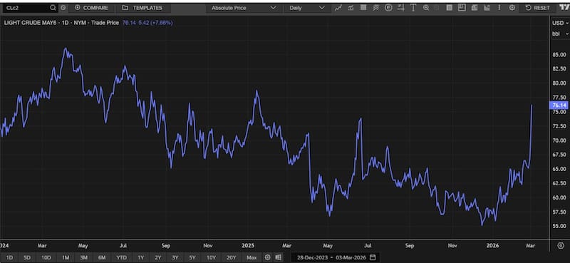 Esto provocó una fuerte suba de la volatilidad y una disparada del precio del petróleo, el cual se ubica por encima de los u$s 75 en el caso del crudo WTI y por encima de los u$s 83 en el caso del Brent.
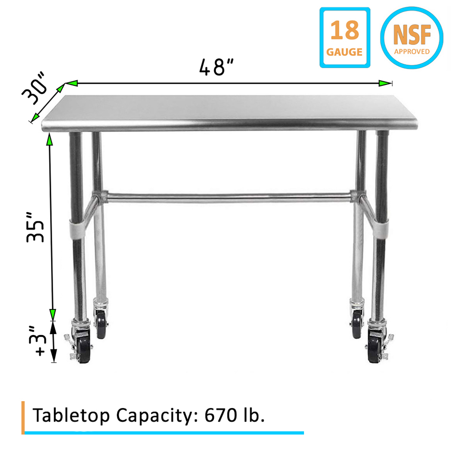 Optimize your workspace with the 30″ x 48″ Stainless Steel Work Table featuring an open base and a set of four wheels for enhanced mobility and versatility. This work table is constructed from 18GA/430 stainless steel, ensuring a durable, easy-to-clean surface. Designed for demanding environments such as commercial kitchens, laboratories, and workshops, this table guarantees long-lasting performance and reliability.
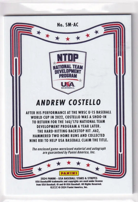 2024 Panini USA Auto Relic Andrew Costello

...

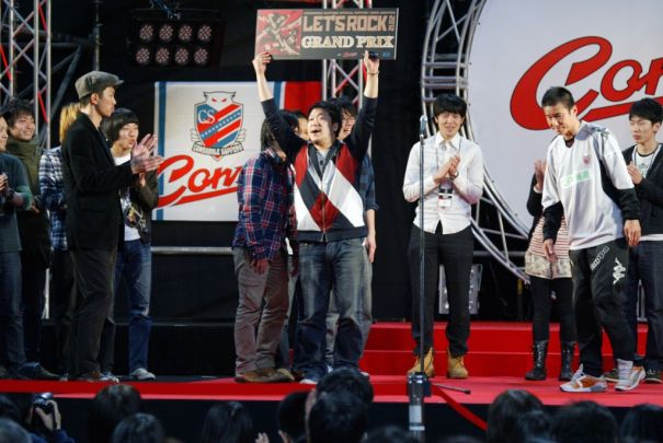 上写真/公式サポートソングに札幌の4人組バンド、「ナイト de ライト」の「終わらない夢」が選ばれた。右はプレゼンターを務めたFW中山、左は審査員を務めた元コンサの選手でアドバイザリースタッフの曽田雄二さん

What needs to be done: Look through the listing above for the line with "Esto provocó una" and the line with "2024 Panini USA Auto Relic Andrew Costello". Write out exactly those lines and everything between, leaving out pictures.

Output for this task:
 Esto provocó una fuerte suba de la volatilidad y una disparada del precio del petróleo, el cual se ubica por encima de los u$s 75 en el caso del crudo WTI y por encima de los u$s 83 en el caso del Brent.
 Optimize your workspace with the 30″ x 48″ Stainless Steel Work Table featuring an open base and a set of four wheels for enhanced mobility and versatility. This work table is constructed from 18GA/430 stainless steel, ensuring a durable, easy-to-clean surface. Designed for demanding environments such as commercial kitchens, laboratories, and workshops, this table guarantees long-lasting performance and reliability.
 2024 Panini USA Auto Relic Andrew Costello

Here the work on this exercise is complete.